著者は、NPO自立生活サポートセンター事務局長の湯浅誠さんです。

JanJan 2007/7/15

北九州・生活保護打ち切りで餓死~支援団体が緊急声明


さらに、上記記事やインタビューを含めて取り上げていらっしゃる多くのエントリーが数多くあります。


晴天とら日和

究極の格差社会:生活困窮者は早く死ねということか…孤独死男性日記 (公開)

に凝集されている情報も是非ともにご覧下さい。

貧困襲来  [著者]湯浅 誠
山吹書店発行、JRC発売/ 1575円


[評者]中西 新太郎(横浜市立大教授)
■隠し、放置する権力へ怒り
 こんな本が出たらと願っていた。テーマは貧困。ワーキング・プアの若者たちを評して、「若いんだから死ぬ気になれば何だってできるはず、考え方が甘いんだよ」などと口走るオジサンたちは、まずこの本を読んでからものを言おう

 いま日本社会では貧困の大量生産がすすんでいると著者は言う。みんな死ぬ気で頑張っていないから?

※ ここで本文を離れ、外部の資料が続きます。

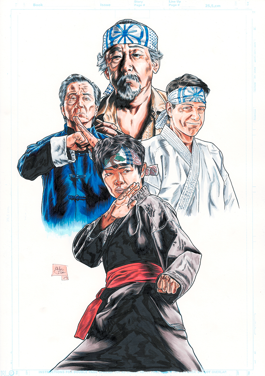 Como Yen San, en mi caso, cuando probé la distribución de los personajes, busqué que la ilustración no solo los mostrara, sino que representara la transferencia del legado, de Miyagi a Daniel, y de Daniel a la nueva generación (Li Fong y Sr. Han). Esta ilustración es una pieza para coleccionistas que valoran la complejidad de la composición y el arte de alta gama a color.
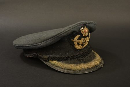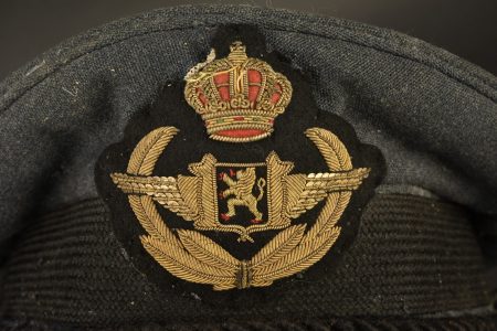 En tissu gris/bleu type RAF. Insigne en cannetille or. Fausse jugulaire en fil coton tressés noir. Visière en cuir, disposant d’une rangée de feuille de chêne or. Bandeau de transpiration en cuir. Intérieur doublé d’un tissu imperméable complet. Fabrication Emmel Bruxelles. A noter une certaine usure et patine de la pièce, ainsi que de nombreux trous de mite. Etat II+
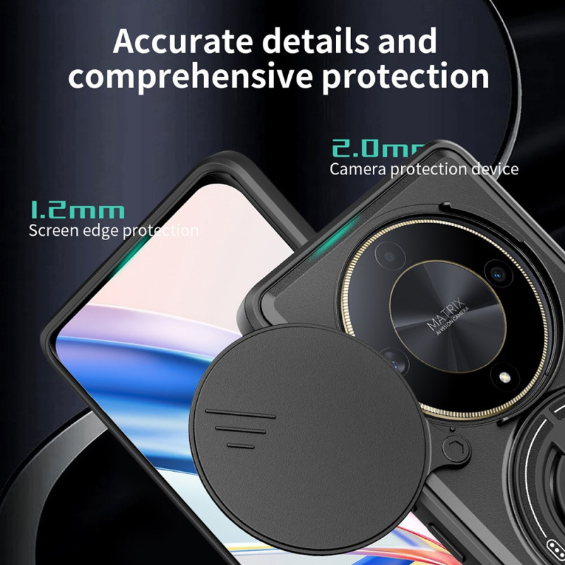 Maximalt skydd för din Honor med detta innovativa magnetiska fodral. Slagtåligt dubbelskikt, 360° roterande ring, integrerad vikbar hållare och skjutbart kameraskydd. Kompatibel med magnetiska bilfästen.

 とんでもない。貧困へと勤労市民を追いやるメカニズムが強力にはたらいているからだ。著者によれば、貧困とは、生きてゆくのに不可欠な「溜(た)め」を奪われた状態に陥ること。なぜそうなるのか、豊富な具体例を引きながら、著者は諄々(じゅんじゅん)と説く。教育が保障されていないこと、非正規職への就業者には企業福祉が適用されぬこと、公的な支援が受けられぬこと、家族の支えが得られぬこと、そして「うまくいかないのはぜんぶ自分のせい」と納得させられてしまうこと

 人を貧困へと追いこんでゆくそんなしくみを見ようともせず、努力が足りないと切り捨てる制度や政策にたいしても、本書は鋭い批判を浴びせる。最後のライフラインである生活保護の申請を抑えこみ、餓死者が出ようと恥じない「水際作戦」、「福祉に頼らず自立しろ」と、生活の安全保障を外し「決死の綱渡り」を強いる再チャレンジ政策…、みな、貧困者をさらに痛めつけるばかりではないかと問いかけるのである。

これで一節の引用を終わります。